Regex /(X*)/

U

ulrich_martin

Hello,

I would like to ask you for help. Could anybody explain me, why regex
"/(X*)/" is not able to catch X in string "aXXXb". Quantifier "*" in
this regex is a greedy one and there is not anchor "^", so I would
expect, that $1 would contain XXX. I know (I have read it), that it is
possible to use + instead of *, but I would like to know, why the "*"
quantifier doesn't catch it.

I have found this example in perlretut:
Finally,
"aXXXb" =~ /(X*)/; # matches with $1 = ''
because it can match zero copies of 'X' at the beginning of
the string. If you definitely want to match at least one
'X', use "X+", not "X*".

M.
 
D

Damian Lukowski

I have found this example in perlretut:
Finally,
"aXXXb" =~ /(X*)/; # matches with $1 = ''
because it can match zero copies of 'X' at the beginning of
the string. If you definitely want to match at least one
'X', use "X+", not "X*".

Well, that is the explanation. Perl tries to match as soon as possible.
"Sooner" is more important than "longer".
 
P

Paul Lalli

Hello,

I would like to ask you for help. Could anybody explain me, why regex
"/(X*)/" is not able to catch X in string "aXXXb". Quantifier "*" in
this regex is a greedy one and there is not anchor "^", so I would
expect, that $1 would contain XXX. I know (I have read it), that it is
possible to use + instead of *, but I would like to know, why the "*"
quantifier doesn't catch it.

I have found this example in perlretut:
Finally,
"aXXXb" =~ /(X*)/; # matches with $1 = ''
because it can match zero copies of 'X' at the beginning of
the string.  If you definitely want to match at least one
'X', use "X+", not "X*".

Because greediness takes second place to position. Perl attempts to
find the FIRST match that it can. Once it's started successfully
matching, only then does the greediness of quantifiers come into play.

Take a look at all the places /(X*)/ could match aXXXb....

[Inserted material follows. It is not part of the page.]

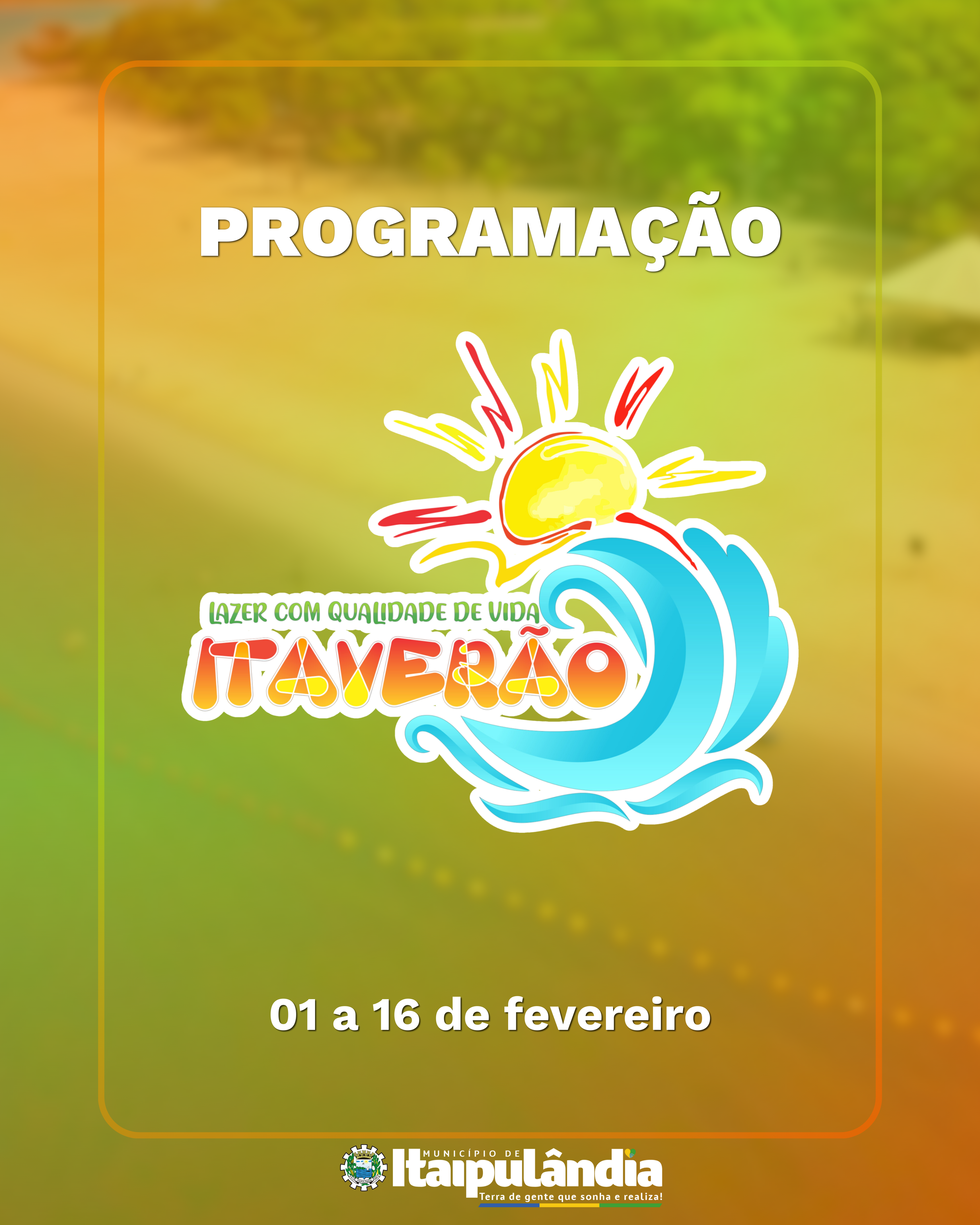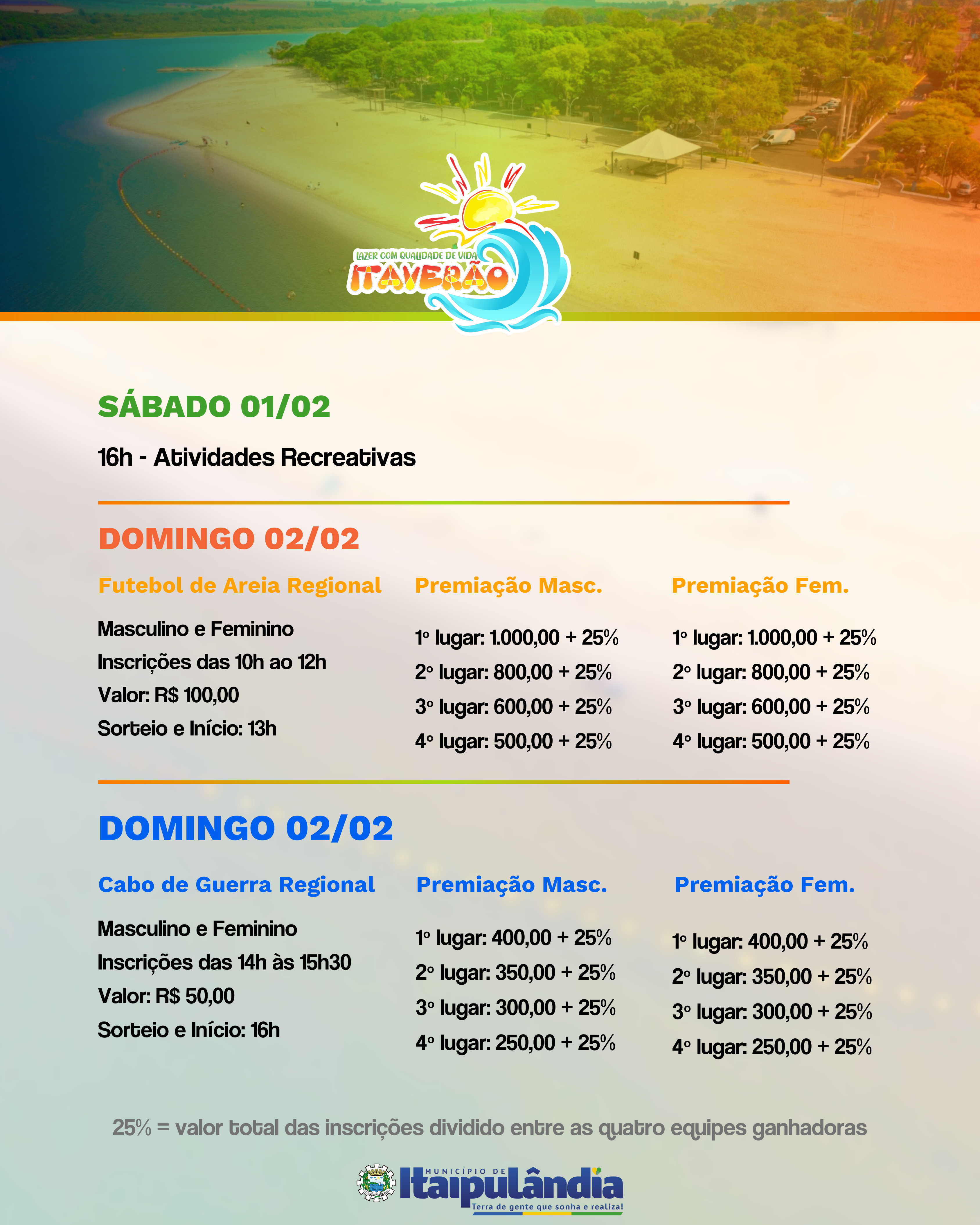 Confira a programação do primeiro final de semana do Itaverão 2025: 01/02/2025 – SÁBADO Atividades Recreativas 02/02/2025 – DOMINGO Futebol de areia e cabo de guerra regionais (masculino e feminino) e atividades recreativas. OBS: Atividades esportivas com ótima premiação.

while ("aXXXb" =~ /(X*)/g) {
print "$`<<$&>>$'\n";
}

<<>>aXXXb
a<<XXX>>b
aXXX<<>>b
aXXXb<<>>


The first time through, it matches right at the beginning of the
string.
The second time through, it matches the XXX
The third time through, it matches between the X and the b
The final time through, it maches after the b, at the end of the
string.


Paul Lalli
 
J

jl_post

I would like to ask you for help. Could anybody explain me, why regex
"/(X*)/" is not able to catch X in string "aXXXb". Quantifier "*" in
this regex is a greedy one and there is not anchor "^", so I would
expect, that $1 would contain XXX. I know (I have read it), that it is
possible to use + instead of *, but I would like to know, why the "*"
quantifier doesn't catch it.

I have found this example in perlretut:
Finally,
"aXXXb" =~ /(X*)/; # matches with $1 = ''
because it can match zero copies of 'X' at the beginning of
the string. If you definitely want to match at least one
'X', use "X+", not "X*".


Basically, a lot of people mistakenly think that the greedy '*'
quantifier makes m/(X*)/ match the LONGEST string of Xs. But in
reality, m/(X*)/ matches AS SOON AS POSSIBLE, and '*' just makes (X*)
gobble as much as it can once a match is found.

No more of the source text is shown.